Records drawn from a dataset
######
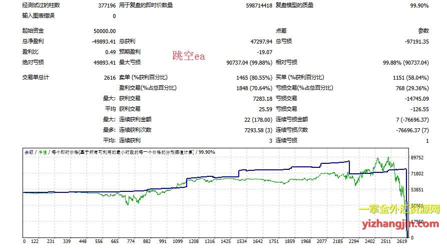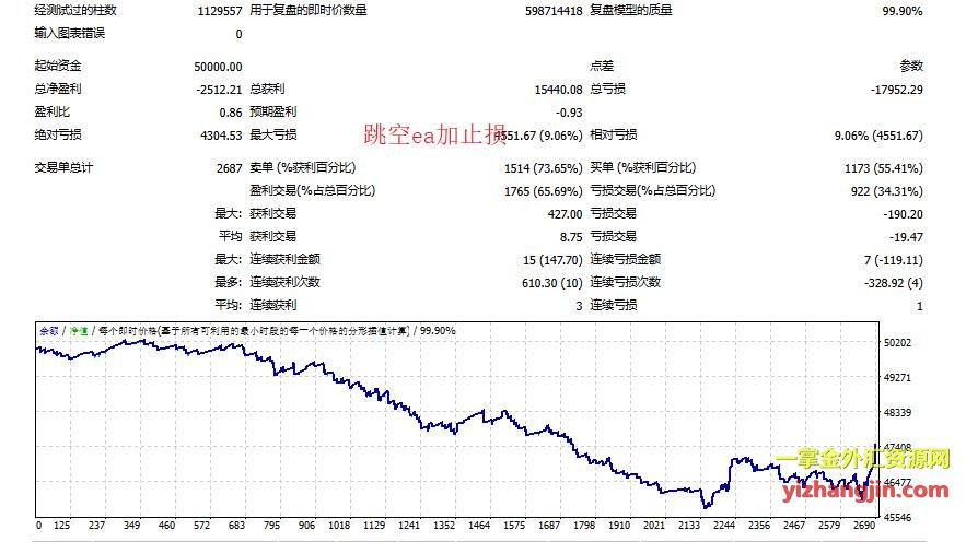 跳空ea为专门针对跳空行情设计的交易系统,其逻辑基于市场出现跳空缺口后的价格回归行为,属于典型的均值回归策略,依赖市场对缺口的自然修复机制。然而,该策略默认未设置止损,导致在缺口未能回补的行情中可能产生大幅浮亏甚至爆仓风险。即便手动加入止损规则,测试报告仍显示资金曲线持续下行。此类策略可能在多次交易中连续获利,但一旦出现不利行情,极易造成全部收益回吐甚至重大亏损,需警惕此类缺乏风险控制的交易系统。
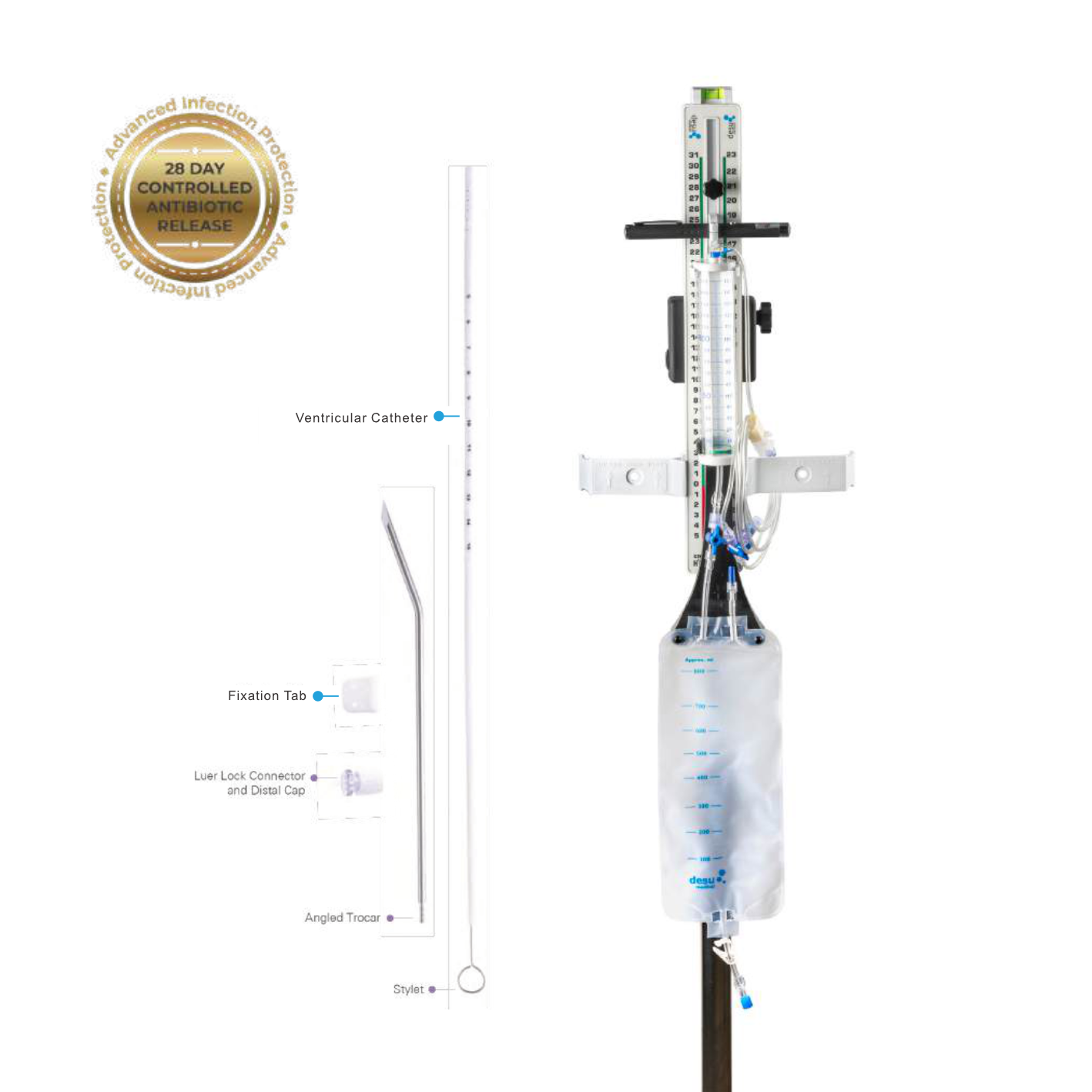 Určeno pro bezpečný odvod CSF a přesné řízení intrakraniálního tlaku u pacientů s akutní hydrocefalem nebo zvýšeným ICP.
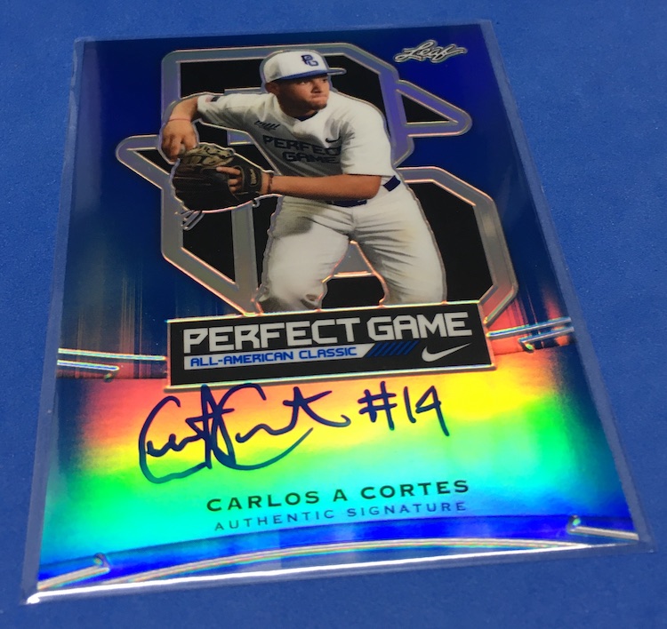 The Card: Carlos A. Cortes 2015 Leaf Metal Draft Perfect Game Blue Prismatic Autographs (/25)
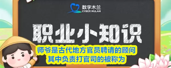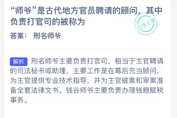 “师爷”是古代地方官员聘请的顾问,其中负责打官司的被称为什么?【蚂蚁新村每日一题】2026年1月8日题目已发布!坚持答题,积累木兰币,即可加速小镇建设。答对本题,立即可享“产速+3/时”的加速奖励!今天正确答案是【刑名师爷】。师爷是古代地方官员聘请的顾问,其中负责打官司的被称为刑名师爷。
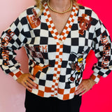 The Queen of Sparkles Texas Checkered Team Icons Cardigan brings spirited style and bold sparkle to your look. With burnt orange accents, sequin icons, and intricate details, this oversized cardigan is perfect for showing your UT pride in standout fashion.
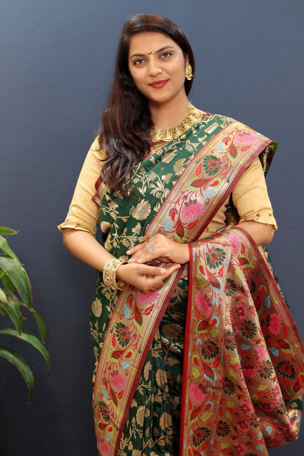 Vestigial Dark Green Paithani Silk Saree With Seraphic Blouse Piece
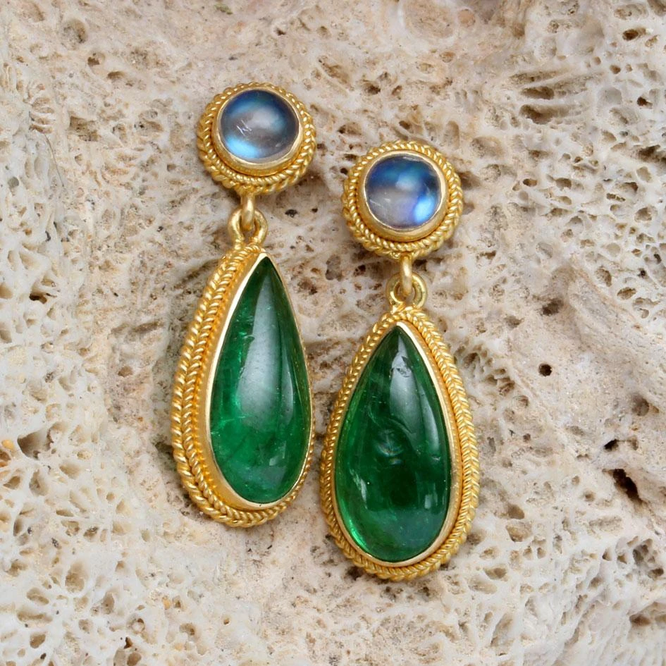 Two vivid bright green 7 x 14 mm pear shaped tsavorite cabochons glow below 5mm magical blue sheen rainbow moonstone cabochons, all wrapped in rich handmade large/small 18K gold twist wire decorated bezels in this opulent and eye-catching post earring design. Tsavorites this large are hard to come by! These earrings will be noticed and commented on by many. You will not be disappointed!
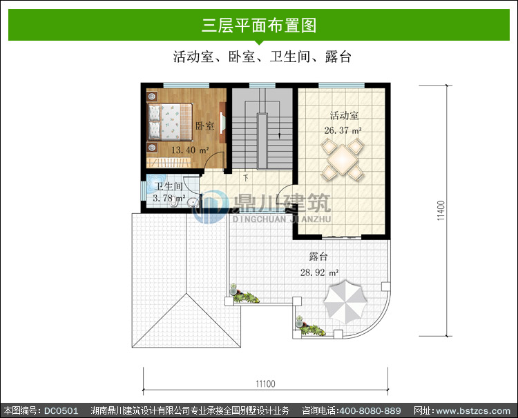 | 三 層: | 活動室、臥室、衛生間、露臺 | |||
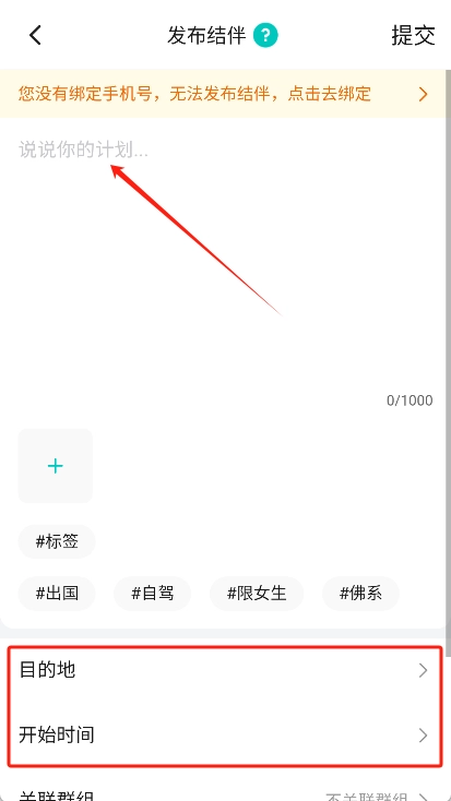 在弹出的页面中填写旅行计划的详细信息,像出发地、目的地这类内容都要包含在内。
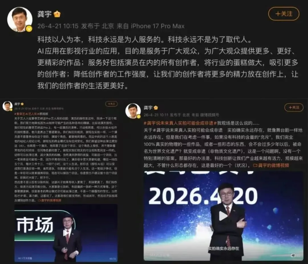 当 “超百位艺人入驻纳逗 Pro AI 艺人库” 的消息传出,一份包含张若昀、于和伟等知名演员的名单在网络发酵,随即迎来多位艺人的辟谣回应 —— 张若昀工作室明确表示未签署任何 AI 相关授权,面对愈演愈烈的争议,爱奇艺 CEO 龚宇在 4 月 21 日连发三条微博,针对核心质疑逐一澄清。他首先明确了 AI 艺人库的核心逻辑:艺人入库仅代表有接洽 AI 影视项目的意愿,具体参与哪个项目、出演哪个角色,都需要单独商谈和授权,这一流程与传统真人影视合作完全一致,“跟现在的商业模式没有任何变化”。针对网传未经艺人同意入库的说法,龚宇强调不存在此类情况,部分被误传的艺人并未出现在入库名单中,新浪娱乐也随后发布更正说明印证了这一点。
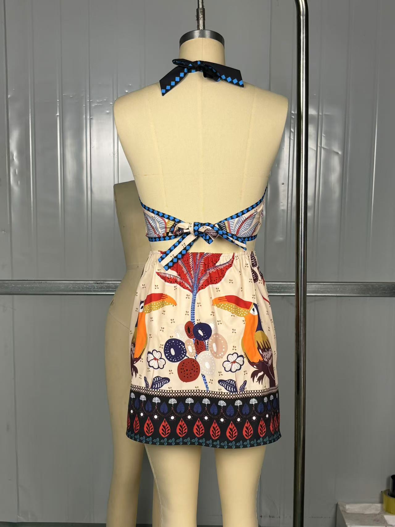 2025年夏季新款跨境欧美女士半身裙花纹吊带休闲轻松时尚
######
◆ **Exercise**: Working from the entries above, reproduce exactly and only the lines beginning with the line that has "活動室、臥室、衛生間、露臺 | |||" and ending with the line that has "在弹出的页面中填写旅行计划的详细信息,像出发地、目的地这类内容都要包含在内。"; omit all pictures.

◆ **Task answer**:
 | 三 層: | 活動室、臥室、衛生間、露臺 | |||
 在弹出的页面中填写旅行计划的详细信息,像出发地、目的地这类内容都要包含在内。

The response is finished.